Department of Surgery, University of Pittsburgh, Pittsburgh, PA 15213, United States.
Semin Immunol. 2010 Jun;22(3):173-82. doi: 10.1016/j.smim.2010.03.002. Epub 2010 Apr 20.
Ex vivo generation and antigen loading of dendritic cells (DCs) from cancer patients helps to bypass the dysfunction of endogenous DCs. It also allows to control the process of DC maturation and to imprint in maturing DCs several functions essential for induction of effective forms of cancer immunity. Recent reports from several groups including ours demonstrate that distinct conditions of DC generation and maturation can prime DCs for preferential interaction with different (effector versus regulatory) subsets of immune cells. Moreover, differentially-generated DCs have been shown to imprint different effector mechanisms in CD4(+) and CD8(+) T cells (delivery of "signal three") and to induce their different homing properties (delivery of "signal four"). These developments allow for selective induction of tumor-specific T cells with desirable effector functions and tumor-relevant homing properties and to direct the desirable types of immune cells to tumors.

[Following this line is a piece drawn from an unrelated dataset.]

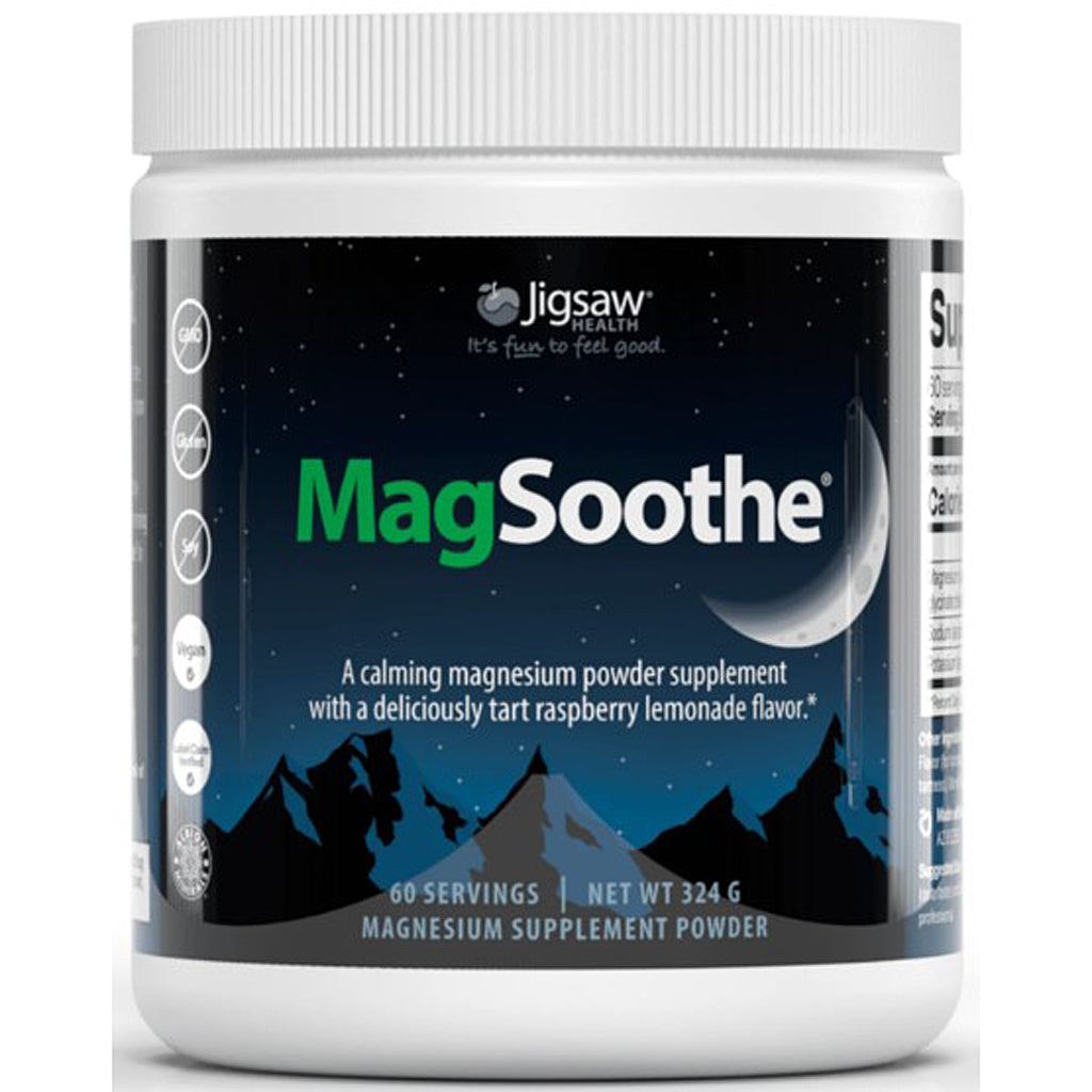 Jigsaw Health MagSoothe Raspberry Lemonade this is a powder form for rapid absorption & utilization. Contains 200mg of Albion's Magnesium Lysinate Glycinate Chelate, a form of magnesium that generally has a calming effect. Usually taken in evening. Supports healthy relaxed muscle tone and function, promotes athletic recovery, steady energy production, restful sleep, a balanced response to stress, helps maintain healthy blood pressure levels within normal range, helps maintain healthy blood sugar/glucose levels within normal limits, promotes regularity and healthy digestion, supports the body's ability to properly dissolve and utilize calcium in joints, muscles, and arteries, respiratory and cardiovascular health, healthy hormonal balance especially in connection with the female cycle, and supports overall bone health.

从癌症患者中体外生成和抗原负载树突状细胞 (DC) 有助于绕过内源性 DC 的功能障碍。它还允许控制 DC 成熟的过程,并在成熟的 DC 中植入诱导有效形式的癌症免疫所必需的几种功能。包括我们在内的几个研究小组的最新报告表明,不同的 DC 生成和成熟条件可以使 DC 优先与不同的(效应细胞与调节细胞)免疫细胞亚群相互作用。此外,已经证明,不同生成的 DC 可以在 CD4(+)和 CD8(+)T 细胞中诱导不同的效应机制(传递“信号三”),并诱导其不同的归巢特性(传递“信号四”)。这些发展使得可以选择性地诱导具有理想效应功能和与肿瘤相关归巢特性的肿瘤特异性 T 细胞,并将理想类型的免疫细胞引导至肿瘤。